■ **Directions for this task**:
The answer must consist solely of the lines from the line with "İstanbul'un Maltepe ilçesinde" to the final line of the data below, reproduced exactly, pictures omitted.
Start of Block
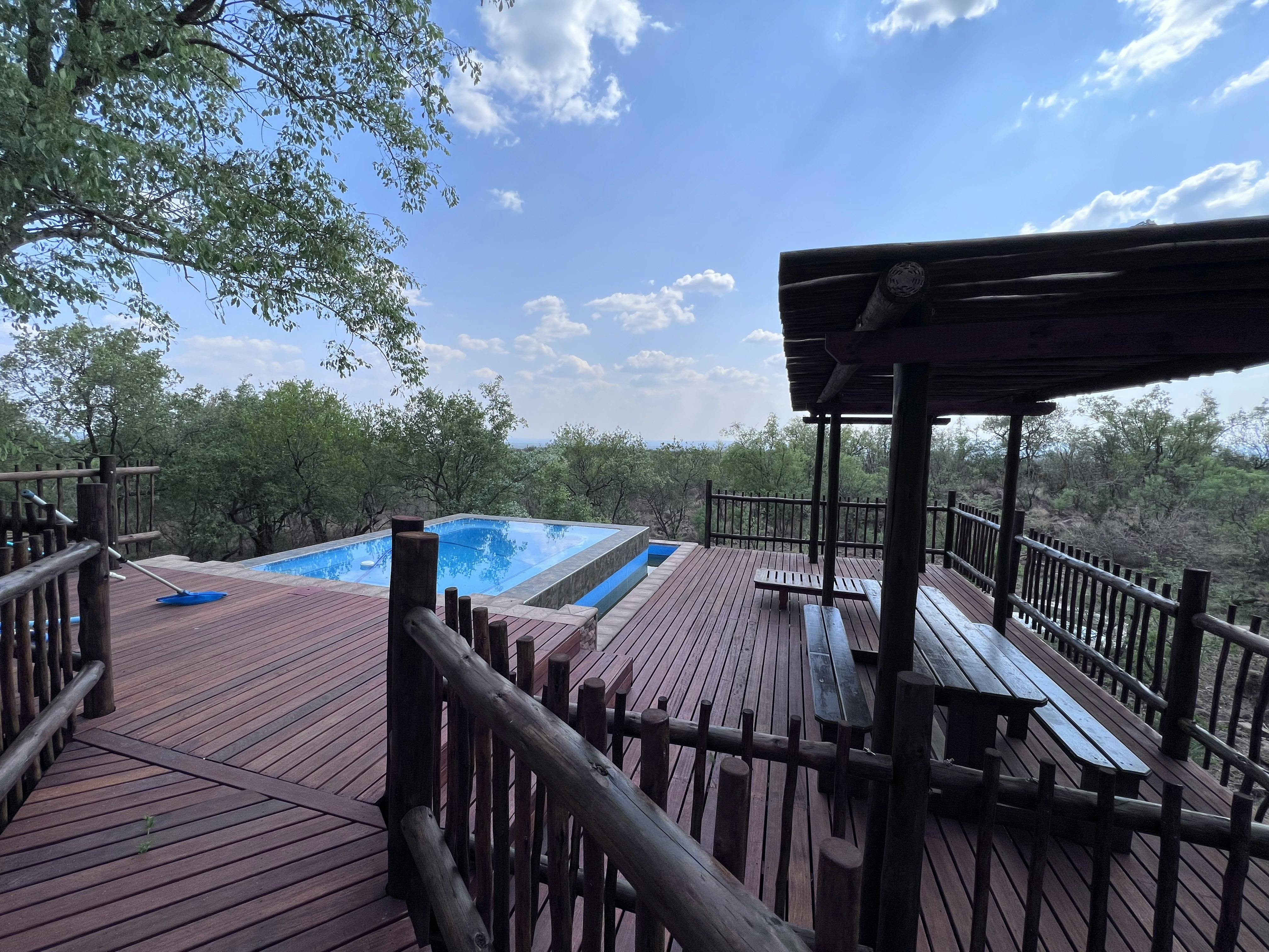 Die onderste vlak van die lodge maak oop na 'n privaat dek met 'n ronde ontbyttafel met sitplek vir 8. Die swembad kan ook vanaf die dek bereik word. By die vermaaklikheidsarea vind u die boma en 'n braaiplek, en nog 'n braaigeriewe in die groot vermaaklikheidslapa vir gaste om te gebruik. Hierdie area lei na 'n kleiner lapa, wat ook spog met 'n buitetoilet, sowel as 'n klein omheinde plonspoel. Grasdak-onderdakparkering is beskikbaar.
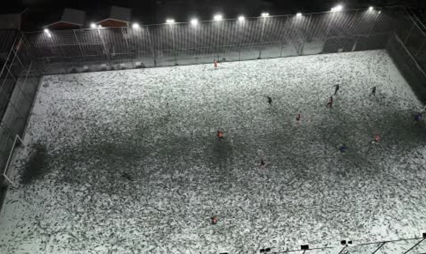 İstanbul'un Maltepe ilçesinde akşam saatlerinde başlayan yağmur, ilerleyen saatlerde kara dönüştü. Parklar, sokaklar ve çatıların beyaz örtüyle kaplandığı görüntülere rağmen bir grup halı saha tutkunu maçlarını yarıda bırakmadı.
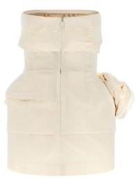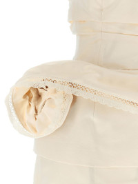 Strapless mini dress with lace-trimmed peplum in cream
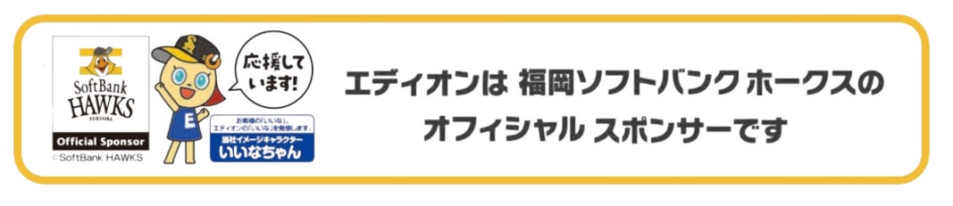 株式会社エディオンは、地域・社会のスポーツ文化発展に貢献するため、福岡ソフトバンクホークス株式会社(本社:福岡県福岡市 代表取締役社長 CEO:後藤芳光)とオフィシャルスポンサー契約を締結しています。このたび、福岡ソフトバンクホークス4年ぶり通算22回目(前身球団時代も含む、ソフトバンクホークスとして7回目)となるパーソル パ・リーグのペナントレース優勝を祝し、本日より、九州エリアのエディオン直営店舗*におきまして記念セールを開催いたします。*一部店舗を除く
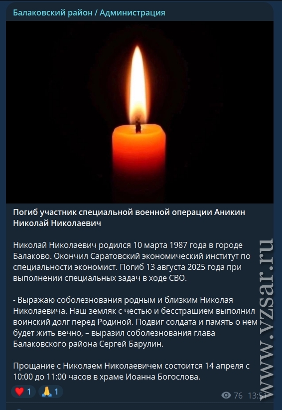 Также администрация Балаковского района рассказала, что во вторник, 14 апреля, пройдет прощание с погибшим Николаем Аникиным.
End of Block
■ **Response**:
 İstanbul'un Maltepe ilçesinde akşam saatlerinde başlayan yağmur, ilerleyen saatlerde kara dönüştü. Parklar, sokaklar ve çatıların beyaz örtüyle kaplandığı görüntülere rağmen bir grup halı saha tutkunu maçlarını yarıda bırakmadı.
 Strapless mini dress with lace-trimmed peplum in cream
 株式会社エディオンは、地域・社会のスポーツ文化発展に貢献するため、福岡ソフトバンクホークス株式会社(本社:福岡県福岡市 代表取締役社長 CEO:後藤芳光)とオフィシャルスポンサー契約を締結しています。このたび、福岡ソフトバンクホークス4年ぶり通算22回目(前身球団時代も含む、ソフトバンクホークスとして7回目)となるパーソル パ・リーグのペナントレース優勝を祝し、本日より、九州エリアのエディオン直営店舗*におきまして記念セールを開催いたします。*一部店舗を除く
 Также администрация Балаковского района рассказала, что во вторник, 14 апреля, пройдет прощание с погибшим Николаем Аникиным.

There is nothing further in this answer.